Daring the impossible: Team up to Clean up rewriting Mbare’s history

By Margaret Mikiri

A group of youths led by the Jesuit community in Mbare, have scaled up their efforts to rewrite the history of Mbare by educating and leading young people in waste management.


Mbare is one of the oldest and highly populated suburbs in Harare with several open grounds full of garbage. The suburb, which is a hub for all kinds of businesses is also popular for high crime rate and drug abuse by young people. Due to its high population, the environment is not as clean, culminating to series of outbreak in diseases like Cholera and Typhoid. 


Fr Isaac Fernandez SJ said, “We want to change the story of Mbare and get a different narrative. We want Mbare to be at the fore front, pioneering recycling techniques and new ways of waste management.”


“In our clean up, we are separating material and take organic material to the church for composting,” which will then be used to support other programmes like the school's aquaponics.


He further explained how the team is working on putting concrete slabs for refuse collection with the intention to turn cleaned sites into recreational parks.


In a recent clean up exercise which had over 200 youths, the Team up to Clean up Mbare was joined by members of the National Movements of Catholic Students (NMCS) and other youth groups.


More than 50% of the waste analysed from the clean-up was organic waste and this could easily be used in compost and or the New Bio Digestor in Mbare.


The exercise included Catholic and non-Catholic community members from Mbare and other areas. 
Speaking during the exercise, NMCS National President, Mr Tinotenda Wakabikwa said it is also the responsibility of the movement to keep the city clean and also to raise awareness to the people in Mbare and surrounding communities. 
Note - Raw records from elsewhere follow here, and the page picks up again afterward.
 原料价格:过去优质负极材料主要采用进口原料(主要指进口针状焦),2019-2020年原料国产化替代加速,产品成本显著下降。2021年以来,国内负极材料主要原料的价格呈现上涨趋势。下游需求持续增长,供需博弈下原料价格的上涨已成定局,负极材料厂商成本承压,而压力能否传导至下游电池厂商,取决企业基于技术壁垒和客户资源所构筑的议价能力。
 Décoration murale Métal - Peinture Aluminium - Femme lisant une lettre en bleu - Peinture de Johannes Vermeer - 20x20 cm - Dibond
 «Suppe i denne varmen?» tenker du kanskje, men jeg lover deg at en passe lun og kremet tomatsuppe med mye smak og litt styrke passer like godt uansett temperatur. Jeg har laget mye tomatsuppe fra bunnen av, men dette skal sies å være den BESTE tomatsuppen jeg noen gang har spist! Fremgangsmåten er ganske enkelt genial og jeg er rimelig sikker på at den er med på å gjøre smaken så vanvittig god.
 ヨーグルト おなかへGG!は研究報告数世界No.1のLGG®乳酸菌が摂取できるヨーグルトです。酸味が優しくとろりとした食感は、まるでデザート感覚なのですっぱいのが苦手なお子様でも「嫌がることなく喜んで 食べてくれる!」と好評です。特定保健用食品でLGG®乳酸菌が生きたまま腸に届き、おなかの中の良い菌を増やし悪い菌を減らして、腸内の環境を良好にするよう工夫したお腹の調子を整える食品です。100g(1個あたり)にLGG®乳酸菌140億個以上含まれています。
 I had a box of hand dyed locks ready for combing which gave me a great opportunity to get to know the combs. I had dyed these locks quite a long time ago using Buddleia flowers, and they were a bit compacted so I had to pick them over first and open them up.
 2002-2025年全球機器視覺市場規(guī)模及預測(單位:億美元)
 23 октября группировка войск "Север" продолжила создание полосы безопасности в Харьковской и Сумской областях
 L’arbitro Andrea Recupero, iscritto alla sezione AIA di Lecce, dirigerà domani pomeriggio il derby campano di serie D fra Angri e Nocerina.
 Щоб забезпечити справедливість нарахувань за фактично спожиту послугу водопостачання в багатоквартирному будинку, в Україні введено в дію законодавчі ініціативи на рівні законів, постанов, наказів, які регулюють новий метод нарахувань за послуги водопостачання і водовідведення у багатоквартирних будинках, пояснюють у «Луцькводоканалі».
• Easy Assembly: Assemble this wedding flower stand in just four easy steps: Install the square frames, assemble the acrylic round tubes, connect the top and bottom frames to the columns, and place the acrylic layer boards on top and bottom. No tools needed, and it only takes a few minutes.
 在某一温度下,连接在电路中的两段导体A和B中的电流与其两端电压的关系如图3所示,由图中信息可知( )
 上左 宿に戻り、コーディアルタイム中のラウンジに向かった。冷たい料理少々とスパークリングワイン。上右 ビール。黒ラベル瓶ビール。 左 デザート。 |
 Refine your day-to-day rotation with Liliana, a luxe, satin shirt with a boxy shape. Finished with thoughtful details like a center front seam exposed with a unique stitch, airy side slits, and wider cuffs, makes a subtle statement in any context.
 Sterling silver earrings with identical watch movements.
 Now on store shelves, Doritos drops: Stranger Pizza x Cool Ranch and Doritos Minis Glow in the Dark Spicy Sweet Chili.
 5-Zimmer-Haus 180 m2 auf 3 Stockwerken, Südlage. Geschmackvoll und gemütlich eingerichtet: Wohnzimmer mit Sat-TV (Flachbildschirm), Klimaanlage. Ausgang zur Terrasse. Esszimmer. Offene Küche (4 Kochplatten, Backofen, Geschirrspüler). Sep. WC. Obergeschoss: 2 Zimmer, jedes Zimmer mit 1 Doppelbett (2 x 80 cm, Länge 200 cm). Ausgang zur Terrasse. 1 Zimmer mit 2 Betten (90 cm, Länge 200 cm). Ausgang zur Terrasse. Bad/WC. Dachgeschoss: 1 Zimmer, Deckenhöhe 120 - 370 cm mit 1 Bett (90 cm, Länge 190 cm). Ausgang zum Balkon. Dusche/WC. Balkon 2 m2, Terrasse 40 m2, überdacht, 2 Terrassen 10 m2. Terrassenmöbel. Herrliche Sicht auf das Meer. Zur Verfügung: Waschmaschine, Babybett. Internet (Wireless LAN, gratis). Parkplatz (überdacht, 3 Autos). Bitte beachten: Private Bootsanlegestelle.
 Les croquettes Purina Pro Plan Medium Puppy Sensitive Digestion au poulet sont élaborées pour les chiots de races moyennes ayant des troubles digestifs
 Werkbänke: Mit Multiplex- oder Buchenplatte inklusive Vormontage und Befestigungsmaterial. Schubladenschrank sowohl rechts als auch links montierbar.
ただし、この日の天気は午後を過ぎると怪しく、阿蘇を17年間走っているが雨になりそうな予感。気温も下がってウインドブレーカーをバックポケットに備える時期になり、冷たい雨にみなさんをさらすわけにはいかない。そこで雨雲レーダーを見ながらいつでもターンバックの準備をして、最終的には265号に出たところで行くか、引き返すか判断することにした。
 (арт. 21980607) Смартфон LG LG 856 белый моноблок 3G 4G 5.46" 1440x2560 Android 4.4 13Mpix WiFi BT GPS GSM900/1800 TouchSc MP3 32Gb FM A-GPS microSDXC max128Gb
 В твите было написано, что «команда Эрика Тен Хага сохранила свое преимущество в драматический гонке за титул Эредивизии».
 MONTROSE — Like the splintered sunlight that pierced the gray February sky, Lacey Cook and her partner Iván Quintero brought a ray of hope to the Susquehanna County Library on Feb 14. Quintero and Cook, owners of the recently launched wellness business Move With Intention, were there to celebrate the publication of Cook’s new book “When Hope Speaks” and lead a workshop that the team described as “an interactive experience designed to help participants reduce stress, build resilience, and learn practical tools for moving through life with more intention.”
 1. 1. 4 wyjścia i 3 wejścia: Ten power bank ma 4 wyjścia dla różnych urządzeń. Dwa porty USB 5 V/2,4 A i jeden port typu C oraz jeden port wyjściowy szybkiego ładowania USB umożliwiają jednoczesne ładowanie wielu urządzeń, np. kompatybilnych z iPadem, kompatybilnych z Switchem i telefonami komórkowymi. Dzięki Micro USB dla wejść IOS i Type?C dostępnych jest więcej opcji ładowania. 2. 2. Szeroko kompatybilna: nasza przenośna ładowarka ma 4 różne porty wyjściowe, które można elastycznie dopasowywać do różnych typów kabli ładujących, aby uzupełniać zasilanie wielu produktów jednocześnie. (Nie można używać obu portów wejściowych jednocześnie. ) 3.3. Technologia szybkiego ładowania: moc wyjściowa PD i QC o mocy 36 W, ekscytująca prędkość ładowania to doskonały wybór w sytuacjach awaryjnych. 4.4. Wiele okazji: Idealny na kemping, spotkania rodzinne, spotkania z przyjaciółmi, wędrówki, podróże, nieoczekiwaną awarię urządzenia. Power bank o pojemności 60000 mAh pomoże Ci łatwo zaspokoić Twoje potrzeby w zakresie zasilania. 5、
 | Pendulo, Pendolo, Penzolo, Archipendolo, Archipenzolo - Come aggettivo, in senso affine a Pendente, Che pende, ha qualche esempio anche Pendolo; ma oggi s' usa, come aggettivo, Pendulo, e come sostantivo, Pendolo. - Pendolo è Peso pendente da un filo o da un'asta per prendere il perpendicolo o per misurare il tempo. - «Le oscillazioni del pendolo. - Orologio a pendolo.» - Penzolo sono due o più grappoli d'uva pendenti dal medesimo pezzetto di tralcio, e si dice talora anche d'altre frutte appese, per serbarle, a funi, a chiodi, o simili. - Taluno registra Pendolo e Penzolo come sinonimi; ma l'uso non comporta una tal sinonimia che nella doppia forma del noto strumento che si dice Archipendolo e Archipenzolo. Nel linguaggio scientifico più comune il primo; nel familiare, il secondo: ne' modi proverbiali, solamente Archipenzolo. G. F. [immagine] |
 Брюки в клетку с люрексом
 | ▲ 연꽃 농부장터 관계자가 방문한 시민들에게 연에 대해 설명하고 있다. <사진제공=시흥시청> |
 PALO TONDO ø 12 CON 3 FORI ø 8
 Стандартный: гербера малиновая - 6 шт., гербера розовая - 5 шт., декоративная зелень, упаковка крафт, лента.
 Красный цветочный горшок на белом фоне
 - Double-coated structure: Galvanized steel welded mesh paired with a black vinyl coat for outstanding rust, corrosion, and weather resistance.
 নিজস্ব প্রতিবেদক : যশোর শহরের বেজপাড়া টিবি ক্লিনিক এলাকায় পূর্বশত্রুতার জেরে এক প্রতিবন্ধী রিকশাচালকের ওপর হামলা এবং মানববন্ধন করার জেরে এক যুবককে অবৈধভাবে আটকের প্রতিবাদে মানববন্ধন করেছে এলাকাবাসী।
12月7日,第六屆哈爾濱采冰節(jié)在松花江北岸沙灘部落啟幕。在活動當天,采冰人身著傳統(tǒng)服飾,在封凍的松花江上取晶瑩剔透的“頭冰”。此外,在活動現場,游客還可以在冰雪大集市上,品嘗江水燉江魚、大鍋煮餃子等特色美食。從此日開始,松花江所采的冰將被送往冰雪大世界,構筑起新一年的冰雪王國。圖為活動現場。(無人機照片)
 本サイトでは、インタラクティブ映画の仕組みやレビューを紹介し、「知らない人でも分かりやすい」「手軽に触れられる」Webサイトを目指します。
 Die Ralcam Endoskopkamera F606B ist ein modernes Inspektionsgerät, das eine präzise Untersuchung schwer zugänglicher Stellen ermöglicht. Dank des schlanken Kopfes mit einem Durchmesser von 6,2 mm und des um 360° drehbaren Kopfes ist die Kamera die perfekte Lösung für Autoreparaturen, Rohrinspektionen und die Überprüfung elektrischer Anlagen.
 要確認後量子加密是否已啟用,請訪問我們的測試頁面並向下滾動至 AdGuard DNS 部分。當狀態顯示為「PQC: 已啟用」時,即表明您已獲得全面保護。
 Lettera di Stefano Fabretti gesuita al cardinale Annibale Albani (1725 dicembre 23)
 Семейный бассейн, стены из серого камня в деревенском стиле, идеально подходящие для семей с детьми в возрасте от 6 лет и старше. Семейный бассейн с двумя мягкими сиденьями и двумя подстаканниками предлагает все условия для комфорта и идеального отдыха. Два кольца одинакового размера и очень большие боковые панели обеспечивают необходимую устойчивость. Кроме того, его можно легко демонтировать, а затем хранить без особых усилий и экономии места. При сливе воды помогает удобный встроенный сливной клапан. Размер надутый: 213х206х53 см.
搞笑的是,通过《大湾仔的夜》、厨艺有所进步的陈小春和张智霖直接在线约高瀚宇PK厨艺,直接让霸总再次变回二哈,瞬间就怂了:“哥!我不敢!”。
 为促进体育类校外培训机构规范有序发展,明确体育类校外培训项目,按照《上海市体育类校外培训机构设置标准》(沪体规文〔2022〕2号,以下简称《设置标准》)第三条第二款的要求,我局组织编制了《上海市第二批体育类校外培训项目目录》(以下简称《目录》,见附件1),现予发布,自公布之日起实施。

Following the clean-up exercise, NMCS also launched a Committed to sustainable lifestyles”. Urging  youths to live a sustainable lifestyle this will benefit the future generations, as we encourage people to be committed to use less of plastic.


In recent developments posted on the group’s social media, Team up to Clean up Mbare announced that they are looking for a batch of Wax worms for experimental use.


Research suggests that 100 Wax worms can breakdown about 92mg of polyethylene (most common plastic) in just 12 hours and convert it to ethylene glycol which is an organic compound.


 “Turning to the role of the church in environmental issues, Fr Fernandez J said since ‘there are a few people concerned with environmental issues, the church must help people to realise that God has entrusted the environment to us and we are in the process of destroying it. The Church should promote recycling.